Data excerpt:
---*---

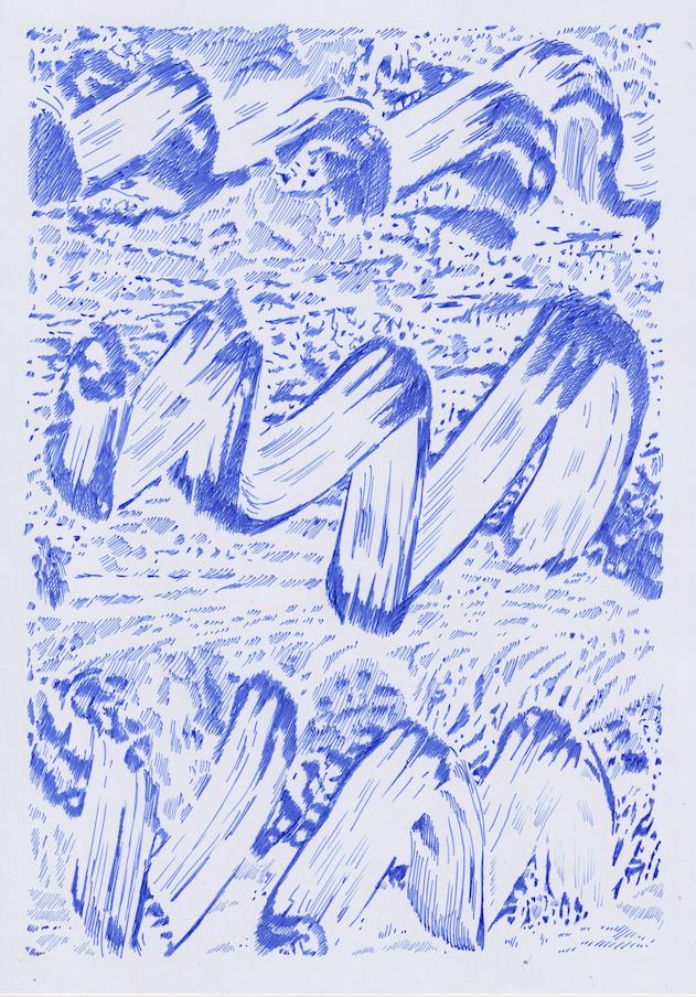 Mais dans son travail artistique et ses encres sur papier, tout est possible même si a priori on ne voit que du bleu.
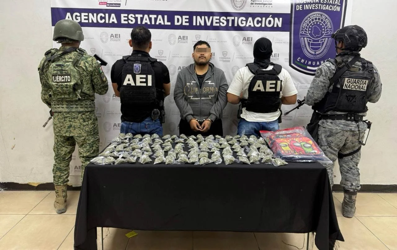 Ciudad Juárez, Chihuahua.– Como parte de un operativo coordinado entre corporaciones estatales y federales, un joven de 22 años fue detenido en posesión de 92 envoltorios de droga en el ejido Parcelas Jesús Carranza, al suroriente de la ciudad.
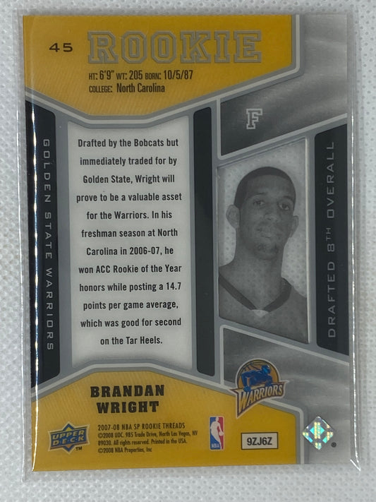 2007-08 SP Rookie Threads /199 Brandan Wright #45 Rookie RC
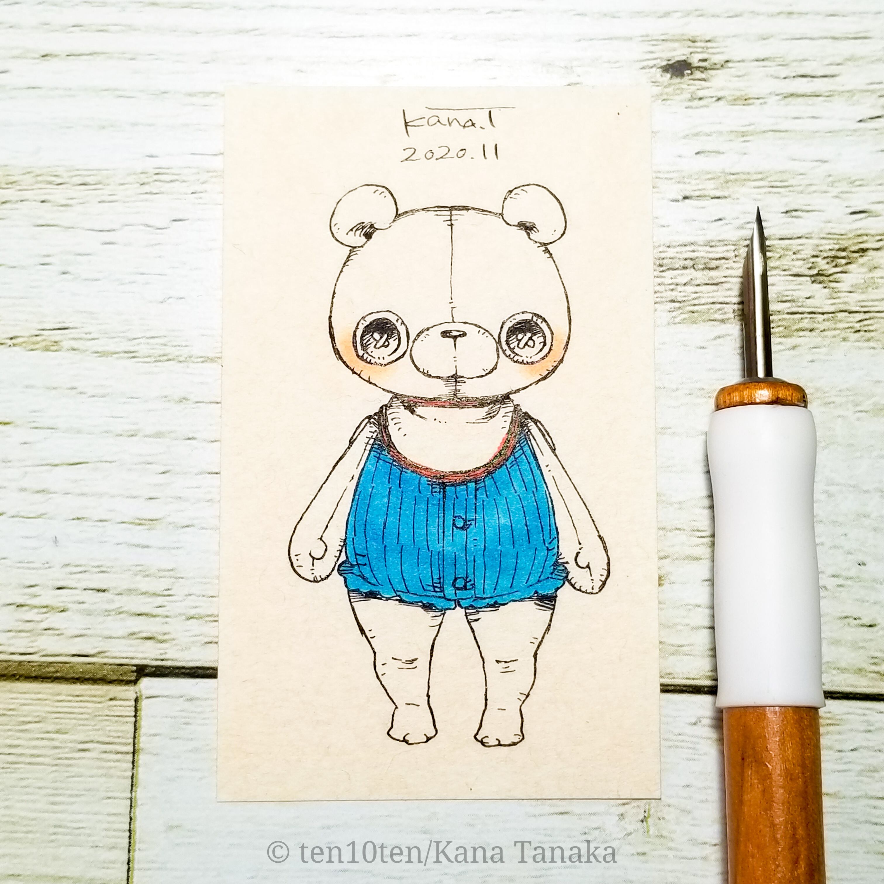 名刺サイズのドローイング作品です。 オリジナルキャラクターのぬいぐる'sには様々な生き物がいます。 今回はくまの子。 夏用のお洋服。 レギンスを合わせたり、ズボンを重ねたり。 サイズ:55mm×91mm ケース:硬質塩化ビニル樹脂 ※送料込みの商品です。普通郵便にてお届けします。

---*---

What to work on: Please give all of the material again, exactly, without the images.

Result of the task:
 Mais dans son travail artistique et ses encres sur papier, tout est possible même si a priori on ne voit que du bleu.
 Ciudad Juárez, Chihuahua.– Como parte de un operativo coordinado entre corporaciones estatales y federales, un joven de 22 años fue detenido en posesión de 92 envoltorios de droga en el ejido Parcelas Jesús Carranza, al suroriente de la ciudad.
 2007-08 SP Rookie Threads /199 Brandan Wright #45 Rookie RC
 名刺サイズのドローイング作品です。 オリジナルキャラクターのぬいぐる'sには様々な生き物がいます。 今回はくまの子。 夏用のお洋服。 レギンスを合わせたり、ズボンを重ねたり。 サイズ:55mm×91mm ケース:硬質塩化ビニル樹脂 ※送料込みの商品です。普通郵便にてお届けします。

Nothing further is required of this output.